De una fístula anal hasta el himno real británico, entre las sombras y Händel
Dr Arturo Vásquez Urdiales
La Historia —cuando se la mira de cerca— no avanza siempre con espadas, tratados o coronas. A veces progresa desde un lugar incómodo, secreto, doloroso. Desde una herida. Desde el cuerpo del poder. Desde el silencio que no se confiesa.
Luis XIV, el Rey Sol, astro mayor del absolutismo europeo, danzaba en Versalles mientras el mundo giraba a su alrededor. Todo era orden, simetría, pompa, mármol. Pero el Sol también tenía sombras. Y una de ellas ardía en la carne: una fístula anal que lo hizo sufrir durante años, en silencio, como sufren los dioses cuando no pueden permitirse la debilidad.
El cuerpo del rey no era un cuerpo privado: era el cuerpo del Estado. Cada dolor era una amenaza política. Cada sangrado, un presagio. Y sin embargo, ahí estaba: el monarca más poderoso de Europa, reducido a la fragilidad última del ser humano.
La medicina de su tiempo no curaba: tanteaba. Quemaba. Fallaba. Empeoraba. Hasta que Charles-François Félix —cirujano, alquimista del bisturí— entendió que no había remedio sin riesgo. Inventó instrumentos, ensayó con otros cuerpos, pagó con carne ajena el conocimiento que salvaría al rey. Ciencia naciendo en la penumbra moral.
En 1686, Luis XIV fue operado. La postura no fue real. El dolor, sí. Y el milagro ocurrió: el rey sanó. El Sol volvió a montar a caballo. El orden del mundo se restableció.
Francia celebró. No solo al monarca, sino a la victoria sobre la corrupción de la carne. Hubo procesiones, misas, cantos. Y la música —esa forma elevada de la gratitud— hizo lo que siempre hace: fijó el acontecimiento en la memoria colectiva.
Grand Dieu, sauve le Roi.
Gran Dios, salva al Rey.
No importa tanto si ese canto fue compuesto exactamente para esa curación o si la tradición exageró el motivo. Importa algo más profundo: la música nació para glorificar la supervivencia del poder. Para pedir que el cuerpo del rey no volviera a fallar. Para suplicar estabilidad al cielo.
Las melodías viajan mejor que los ejércitos. Cruzan fronteras sin pasaporte. Años después, Georg Friedrich Händel escuchó aquella música en Francia. La guardó en algún pliegue de la memoria, como se guardan las cosas que aún no saben para qué servirán.

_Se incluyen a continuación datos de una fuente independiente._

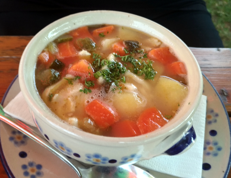 Kulinarischer Wochenhöhepunkt: eine deftige, trotzdem sehr delikate Flecksuppe in der Dammschenke in Jonsdorf. Jonsdorf ist überhaupt ein sehr empfehlenswerter Ort. Brachiale Faller-Häuschen-Idylle, angenehme Ausflugsgastronomie, preiswerte, komfortable Unterkunft und… die Waldbühne.
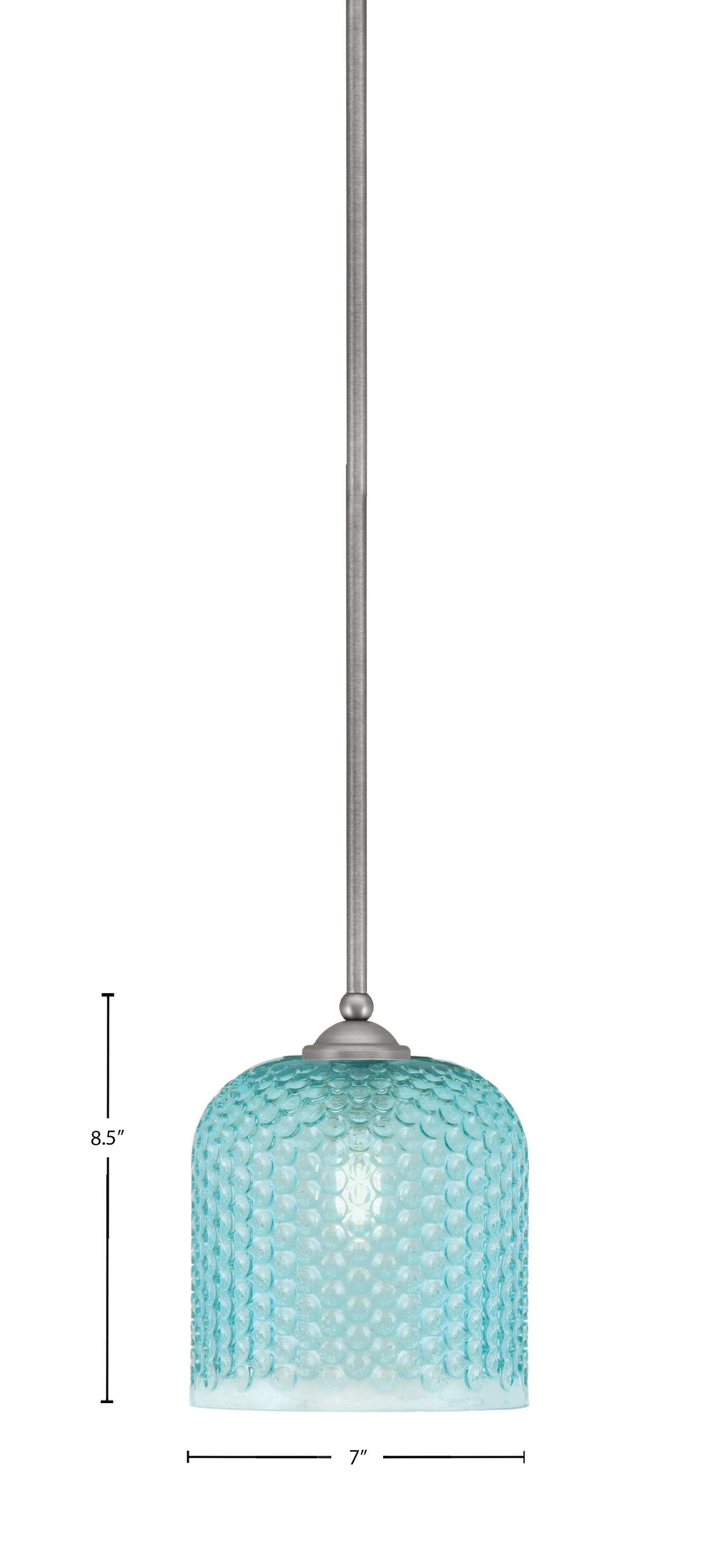 Bright turquoise textured glass shines against a sleek graphite finish, creating a mini pendant that bursts with energy and style. The 7″ shade ripples beautifully, scattering light like sunlit waves to add a playful, refreshing vibe to any room. Perfect for kitchens, bars, or cozy corners, this pendant makes a bold, colorful statement.

Cuando Jorge I fue coronado rey de Inglaterra, Händel ya estaba ahí. Ajustó, transformó, reordenó. La melodía cambió de idioma, de reino, de destino.
God save the King.
Y así, lo que nació en torno a una herida secreta del absolutismo francés se convirtió en el himno de la monarquía británica y, con el tiempo, en símbolo de continuidad imperial. La música sobrevivió a los reyes. Incluso a la guillotina. Incluso a las revoluciones.
La ironía es perfecta:
el himno de la estabilidad nació del desorden del cuerpo,
el canto de la eternidad surgió de una infección,
la solemnidad imperial brotó del lugar más humano y vulnerable.

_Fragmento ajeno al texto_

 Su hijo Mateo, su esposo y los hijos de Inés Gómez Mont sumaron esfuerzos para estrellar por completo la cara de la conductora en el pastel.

La Historia no es limpia. Nunca lo fue. Se escribe con sangre, con pus, con miedo… y con música. Y quizá por eso nos sigue hablando: porque no es una estatua, sino un organismo vivo.
Hoy, cuando los imperios tiemblan y los himnos ya no prometen lo que prometían, conviene recordar esta lección hipnótica:
el poder siempre pretende ser divino, pero siempre depende de un cuerpo.
Y todo cuerpo, tarde o temprano, duele.
Entre las sombras y Händel, entre la herida y la gloria, la música nos recuerda que incluso los símbolos más solemnes tienen un origen profundamente humano. Y que el futuro —si aprende algo— quizá sea menos arrogante y más consciente de su fragilidad.
Porque no hay himno que salve a un reino si no entiende primero de dónde viene su dolor.